玄関の床タイルを研磨。
今回のマンションの玄関タイルは、ポテチーノクラシコという名前の大理石です。
象牙のような温かみを感じるアイボリーで、細かめのクラック(ひび割れ)模様が特徴です。
「大理石の玄関って、こんなもんでしょ。相応に古いわけだし。天然石だから、それも味でしょう。」と思われる方が大半かと思います。
しかし、ご覧ください。
ひび割れに汚れが入り込んで黒く汚れています。
表面全体、歩行の衝撃で凹凸になり、カサカサとした質感です。
光度計での数値は「8」です。
光度計は、画像右のセンサーを平面に置き、ピッと光を発出、その光がどのくらいの量で跳ね返ってきているかを数値化する機械です。

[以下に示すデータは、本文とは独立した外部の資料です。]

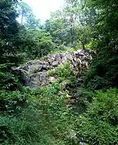 The Hallett Nature Sanctuary is the smallest of Central Park's wooded area at 4 acres (1.6 ha).[2] Originally known as the Promontory,[3] it is the only permanently fenced-off section of Central Park aside from Jacqueline Kennedy Onassis Reservoir, occupies 3.5 acres (14,000 m2) of the wooded promontory to the west of the Pond, jutting into the water body. The area was closed in 1934 when NYC Parks commissioner Robert Moses set the site apart as a bird sanctuary. In the 1980s, after decades of neglect, invasive alien plants like ailanthus and Far Eastern wisterias were extirpated, and the equally invasive though native black cherry was thinned, the woodland was enriched with native shrubs.[4] The reserve was renamed in 1986, in honor of George Hervey Hallett Jr. (1895–1985), an ardent birdwatcher and naturalist and executive secretary of the Citizens Union.[5][6] The Hallett Sanctuary was reopened to the public in 2016, when the Central Park Conservancy started allowing visitors to enter the sanctuary during middays.[3]
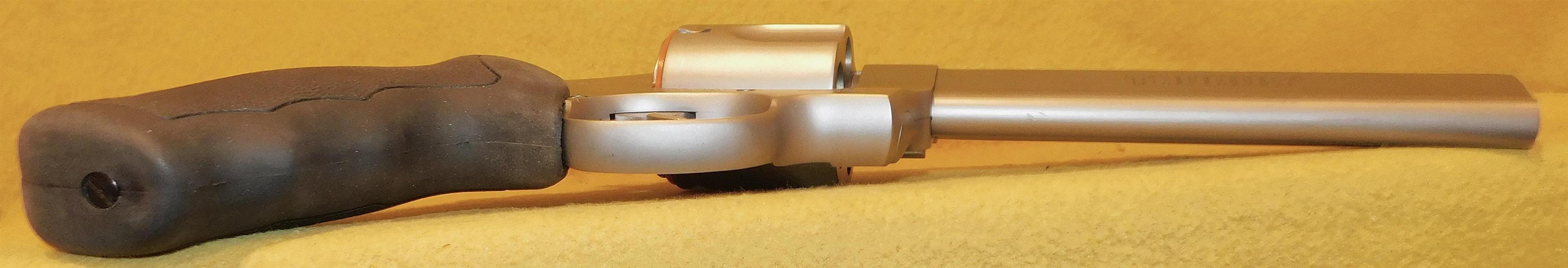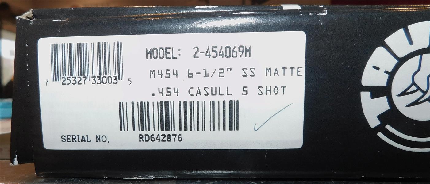 TAURUS RAGING BULL IN .458 CASULL CAL., WITH 6 .5" BARREL. COLOR SILVER. CONDITION 98%+. SERIAL NUMBER RD642876. TAURUS MODEL RAGING BULL IN .454 CASULL/.45 LONG COLT CALIBER, MIRROR BORE WITH PORTED BARREL, RUBBER FINGER GROOVE GRIPS EXCELLENT, NOT FOR SALE IN MASS., COMES WITH FACTORY BOX AND PAPERS, 98%+ OVERALL CONDITION, OUR STOCK # D8296. OUR OLD STOCK # YA16191
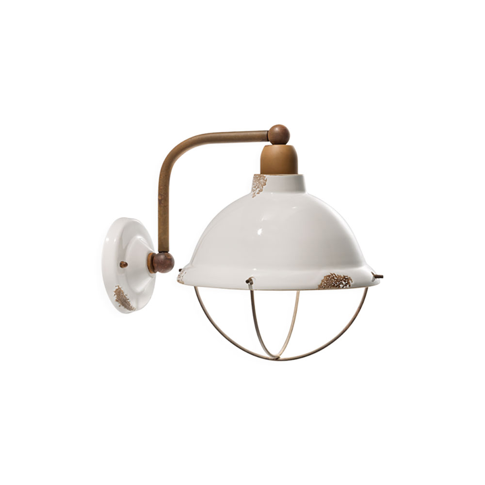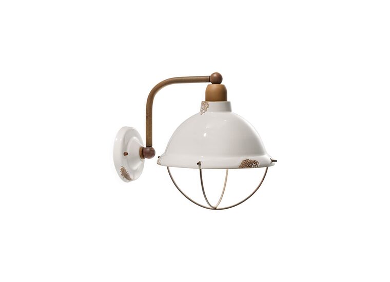 The Industrial Wall Light in Vintage White by Ferroluce offers a timeless blend of ceramic and metal.
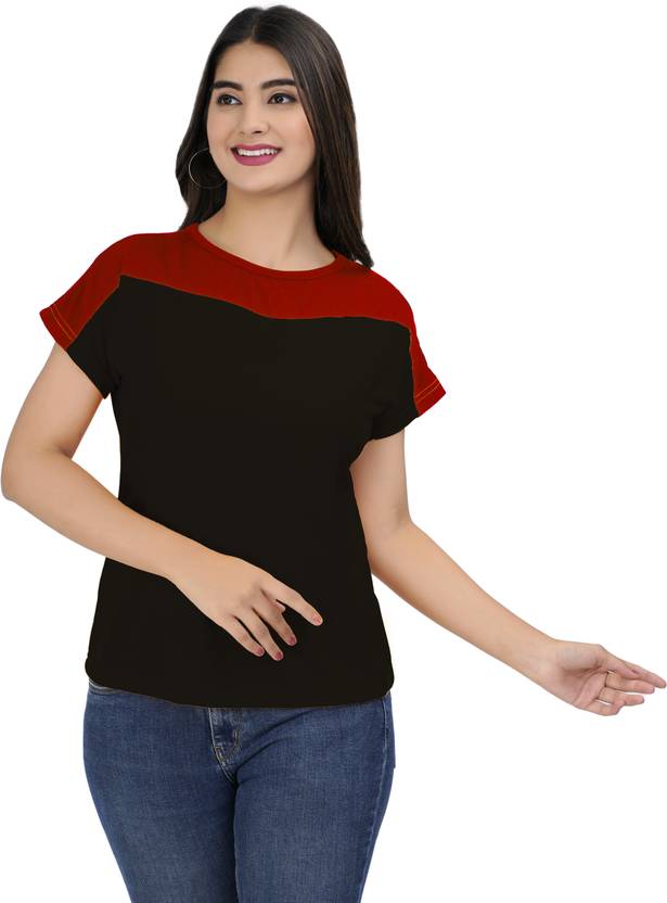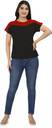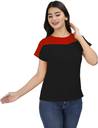 Women Colorblock Round Neck Cotton Blend Black T-Shirt
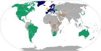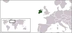 Visa policy of Ireland. Countries in blue, green, and yellow can enter the country without a visa.
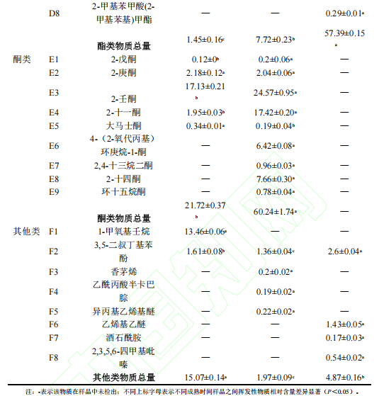 表1 發(fā)酵前后濃汁中揮發(fā)性風(fēng)味物質(zhì)含量
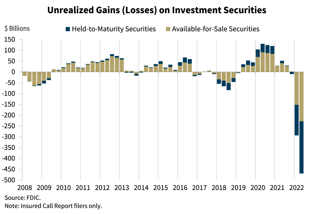 So, what this is essentially saying is that a lot of cash that these banks invested in securities went to “money heaven” as Rick Rule likes to say about Penny Dreadful miners. Perhaps the next 6-12 months, rates start coming down, and unrealized losses become unrealized gains.

つまり、石材表面が不潔であり、表面が崩れて荒れた状態であるということです。
革製品がカビていたら?絵画が排ガスで汚れていたら?いくら元々が高級品や希少品であっても、価値を失い、二束三文の扱いです。
しかし、コンディションを保つためのメンテナンスを施しておれば、ヴィンテージとして認められ、そのもの本来の価値が尊重されますよね。
大理石もその部類のものであるということを知っていただきたいです。大理石はヴィンテージ中のヴィンテージ、なにしろ化石なので!
調度品やアクセサリーであれば、丁寧に扱うことでコンディションを長く保てるかもしれません。例えば手袋を嵌めて触るとか、ケースに入れて飾るとか。
しかし、ここは玄関。家族全員、土足で踏む床です。踏むのみならず、靴を履くとき、ドアを閉めるとき 「踏みにじる」 的な激しい動きさえあります。
触らない方向は非現実的。なので、大理石の玄関に張られた大理石タイルは、価値をキープするため研磨(メンテナンス)必須だと私は考えています。
研磨によるレストレーション後、ポテチーノクラシコのタイル。
はい!これが本来のポテチーノクラシコさんです!
表面はなめらかに平滑、映り込んだ建物の像にも歪みや乱れはありません。
汚れて、表面が無作為に荒れていた事実をお分かりいただけるかと思います。
このように、大理石が研磨によって質感を回復できる技術をご存知の方は、日本人ではほんの一握りだと思います。握りどころか、一つまみくらいだと思います。なんせ、建築設計やデザインの先生もご存じない。
ですからおそらく、ウォッシュテックに石材研磨をご依頼くださる方って、ものすごくチャレンジャーだと思います。周りに「あ、あれね!私もやったことあるわ!」って人が誰もいない中、一人で挑まれるのですから。
半信半疑というところがあるためでしょうか。実際に研磨して、仕上がりを間近で肉眼でご覧になって初めて「これが石のメンテナンスというものか!」と実感される方が多いように思います。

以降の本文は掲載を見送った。